• [WHAT THE EXERCISE ASKS]: Locate the line bearing "Stegekranen bei strahlend" in the material below, then reproduce it and each following line up to and including the line bearing "גם לפיתוח החוץ".

• [AVAILABLE DATA]:
++++++++++++++++++++

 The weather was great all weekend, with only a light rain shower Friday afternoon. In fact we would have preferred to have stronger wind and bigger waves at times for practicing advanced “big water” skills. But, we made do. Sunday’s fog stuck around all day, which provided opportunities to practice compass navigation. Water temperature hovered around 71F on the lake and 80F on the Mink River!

++++++++++++++++++++

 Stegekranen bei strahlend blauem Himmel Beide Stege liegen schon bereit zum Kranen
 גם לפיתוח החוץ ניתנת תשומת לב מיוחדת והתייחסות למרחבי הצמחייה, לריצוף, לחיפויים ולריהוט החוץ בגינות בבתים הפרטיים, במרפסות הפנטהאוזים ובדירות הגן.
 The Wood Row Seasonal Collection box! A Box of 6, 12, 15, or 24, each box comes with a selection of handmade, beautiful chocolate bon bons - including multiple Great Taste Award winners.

++++++++++++++++++++

• [WRITTEN SOLUTION]:
 Stegekranen bei strahlend blauem Himmel Beide Stege liegen schon bereit zum Kranen
 גם לפיתוח החוץ ניתנת תשומת לב מיוחדת והתייחסות למרחבי הצמחייה, לריצוף, לחיפויים ולריהוט החוץ בגינות בבתים הפרטיים, במרפסות הפנטהאוזים ובדירות הגן.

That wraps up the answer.